- WORK INSTRUCTIONS
Transcribe the listing exactly as written. Leave the images out.

- DATA BLOCK
*** Block opens ***

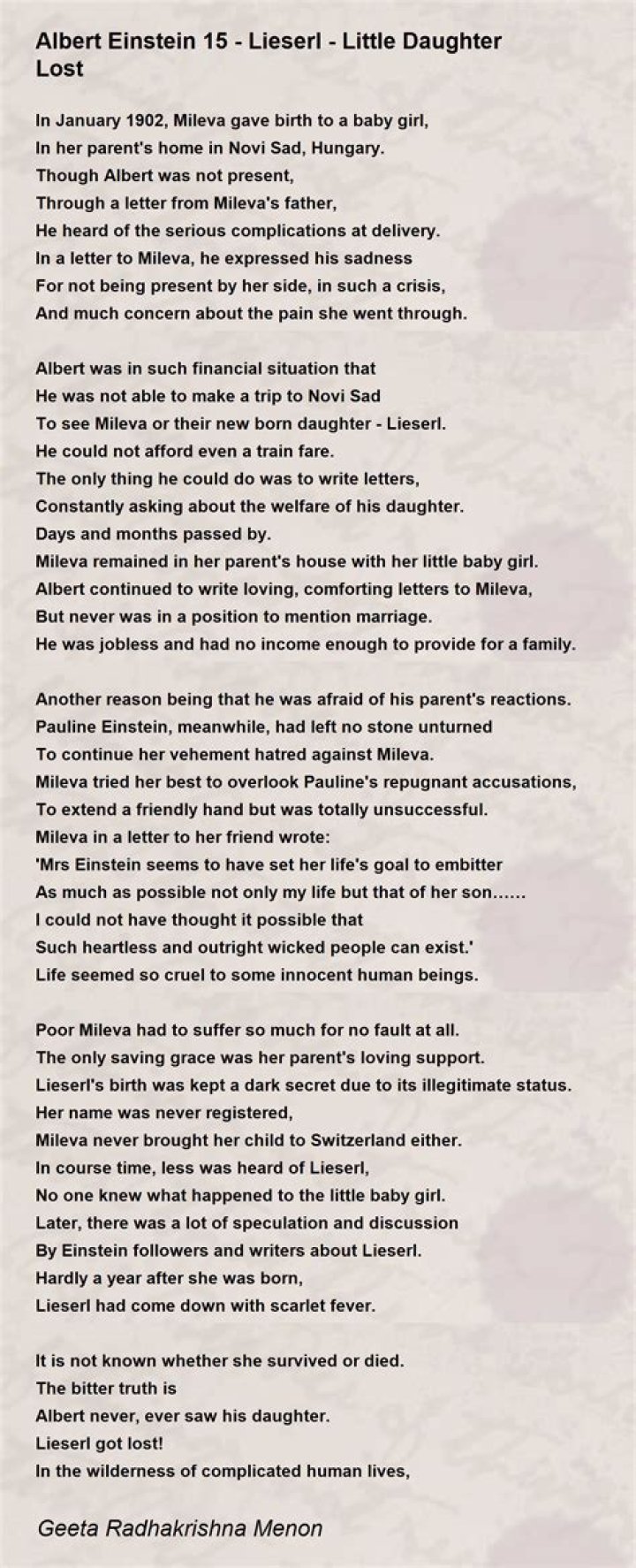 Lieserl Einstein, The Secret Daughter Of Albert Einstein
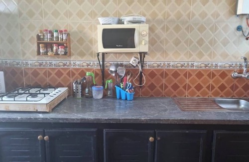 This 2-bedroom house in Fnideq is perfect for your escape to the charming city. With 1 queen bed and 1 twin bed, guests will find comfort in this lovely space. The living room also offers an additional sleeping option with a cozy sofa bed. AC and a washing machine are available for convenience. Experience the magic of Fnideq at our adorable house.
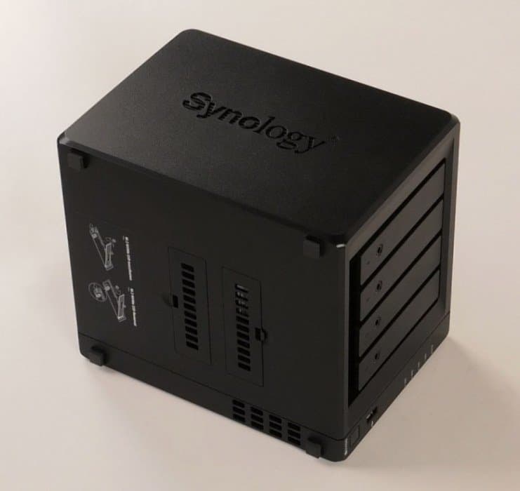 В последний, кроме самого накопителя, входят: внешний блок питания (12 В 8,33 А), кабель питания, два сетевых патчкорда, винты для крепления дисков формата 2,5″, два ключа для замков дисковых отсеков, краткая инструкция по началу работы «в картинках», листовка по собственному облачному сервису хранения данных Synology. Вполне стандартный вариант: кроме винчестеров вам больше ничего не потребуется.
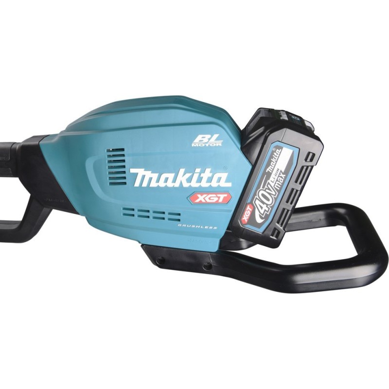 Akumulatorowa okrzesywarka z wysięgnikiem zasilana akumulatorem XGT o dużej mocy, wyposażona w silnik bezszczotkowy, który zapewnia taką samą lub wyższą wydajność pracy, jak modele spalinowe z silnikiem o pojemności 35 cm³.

*** Block closes ***

- SOLVED PROBLEM
 Lieserl Einstein, The Secret Daughter Of Albert Einstein
 This 2-bedroom house in Fnideq is perfect for your escape to the charming city. With 1 queen bed and 1 twin bed, guests will find comfort in this lovely space. The living room also offers an additional sleeping option with a cozy sofa bed. AC and a washing machine are available for convenience. Experience the magic of Fnideq at our adorable house.
 В последний, кроме самого накопителя, входят: внешний блок питания (12 В 8,33 А), кабель питания, два сетевых патчкорда, винты для крепления дисков формата 2,5″, два ключа для замков дисковых отсеков, краткая инструкция по началу работы «в картинках», листовка по собственному облачному сервису хранения данных Synology. Вполне стандартный вариант: кроме винчестеров вам больше ничего не потребуется.
 Akumulatorowa okrzesywarka z wysięgnikiem zasilana akumulatorem XGT o dużej mocy, wyposażona w silnik bezszczotkowy, który zapewnia taką samą lub wyższą wydajność pracy, jak modele spalinowe z silnikiem o pojemności 35 cm³.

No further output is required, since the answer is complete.